Solving for the tangent of an inverse secant function
Hello, I am trying to evaluate this expression but haven't figured out how...
$$\tan(\sec^{-1}(x))$$
In Wolfram Alpha it evaluates to the following :
$$\sqrt{1 - \frac 1 {x^2}} x $$
How does one arrive at this ? I am using this in the context of trig substitution.
On
\begin{align} & x = \sec \theta = \frac{\text{hypotenuse}}{\text{adjacent}} = \frac{\text{hypotenuse}} 1 \\[10pt] & \sec^{-1} x = \theta = \sec^{-1} \left( \frac{\text{hypotenuse}}{\text{adjacent}} \right) = \sec^{-1} \left( \frac{\text{hypotenuse}} 1 \right) \\[10pt] & \tan\sec^{-1} x = \tan\theta = \frac{\text{opposite}}{\text{adjacent}} = \frac{\text{opposite}} 1 = \frac{\sqrt{\text{hypotenuse}^2 - \text{adjacent}^2}} 1 = \sqrt{x^2-1} \end{align} The above works in the first quadrant, where the tangent is positive.

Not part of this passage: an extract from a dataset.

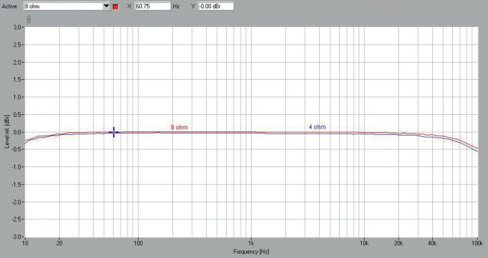Wygląda na to, że lampy nie mają też poważnego (negatywnego) wpływu na charakterystyki częstotliwościowe (rys. 1); spadek przy 10 Hz wynosi -0,3 dB, a przy 100 kHz ok. -0,5 dB.

Where the tangent is negative, use the identity $\sqrt{x^2-1} = \sqrt{1-\dfrac 1 {x^2}}\cdot \sqrt{x^2} = \sqrt{1 - \dfrac 1 {x^2}} \cdot |x|.$
\begin{align} \tan\sec^{-1}x &= \dfrac{\sin\sec^{-1}x}{\cos\sec^{-1}x} \\ &= \dfrac{\sqrt{1-\cos^2\sec^{-1}x}}{\cos\sec^{-1}x} \\ &= \sec\sec^{-1}x\sqrt{1-\dfrac{1}{\sec^2\sec^{-1}x}} \\ &= x\sqrt{1-\dfrac{1}{x^2}} \end{align}